The symposeum was really troubled by Swann's lack of "intellectual" books in her reading list, which is quite elitest and reductive of them. Why can't a smart person reading something that is not T.S. Elliot or Joyce? I agree with you that they made a lot of assumptions about her intellect based on very scant items that belonged to her. They forgot that the poems themselves were proof of her intelligence (if that proof was required) and that they should satisfy themselves with that and nothing more.

on 2008-07-08 09:41 pm (UTC)
Posted by [identity profile] rag-and-bone.livejournal.com
4. Sarah Maloney says at one point that women carry all their lives the "full freight of their mother's words." Can this be applied to Frances Swann?

What a wonderful question, ollie.

i loved this passage and dog-eared and underlined it, both. i'm not sure that i agree with or know quite what to make of it, but it was my favorite part of sarah's section, by far.

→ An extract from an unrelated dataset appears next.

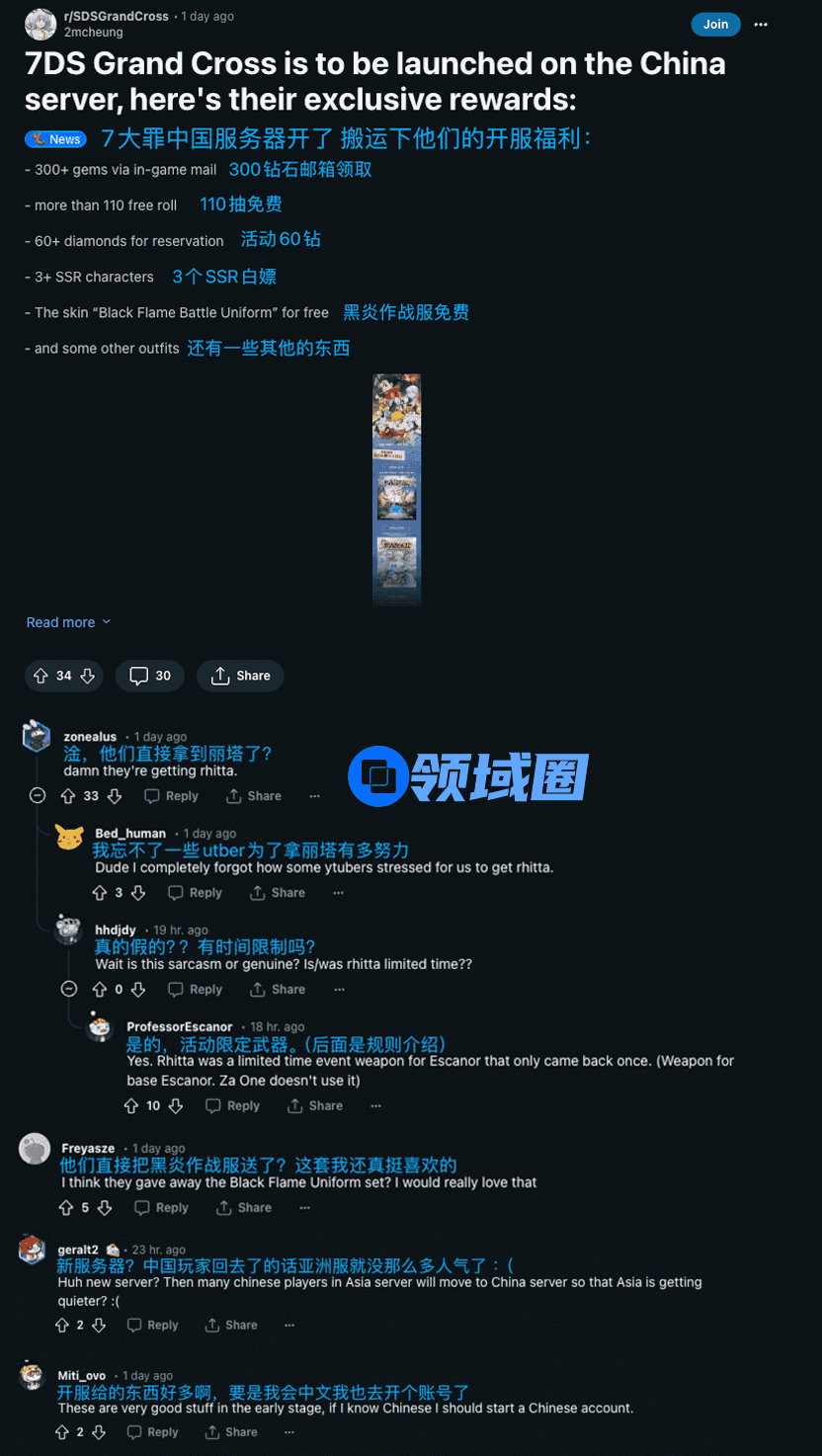 在知名海外玩家论坛Reddit上,有《七人传奇》的外服玩家把国服的开服福利列表整理并搬运了过去,并点出这些都是国服独享内容,而下面的回复清一色透露着隔着网线都能闻到的“酸味”。

frances swann seemed to be entirely in denial of her mother's words. the only ones she could recall to jimroy, in fact, were nursery rhymes. she could only remember her mother reading popular fiction. she almost seemed reluctant to admit that her mother had talent or a way with words. she didn't want to talk about her father, for sure, but she also seemed like she didn't want to talk about her mother--unless it was to perpetuate the image of her as a simpleton, a country bumpkin.

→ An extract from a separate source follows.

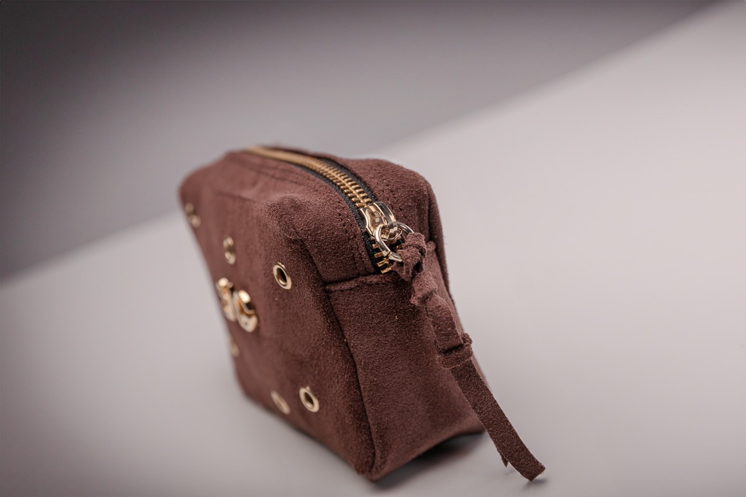 Este monedero Vanessa está confeccionado en piel de serraje color chocolate, un tono cálido y atemporal. Los hoyaos pequeños bañados en oro aportan un contraste luminoso que realza la textura suave del serraje y convierte esta pieza en un accesorio especial.

that doesn't mean that she wasn't struggling with the "weight" of her mother's words. in fact, it could mean that she was struggling an inordinate amount and that her reaction to that struggle was to eschew them entirely. to remove herself from what happened to her mother, maybe she had to remove herself from the sensation that her mother's work had created in the literary world. by denying her mother's skill, she could lift the weight her mother's words forced her to carry around. maybe mary swann spoke to frances of a million important things, maybe frances knew all of the secrets and spent her life trying to erase them.

this is a great question, seriously. and i have no idea if i have answered it.

on 2008-07-08 09:44 pm (UTC)
Posted by [identity profile] rag-and-bone.livejournal.com
i'm going to have to think for a couple more days exclusively about number 5. that's a big question, olliefern.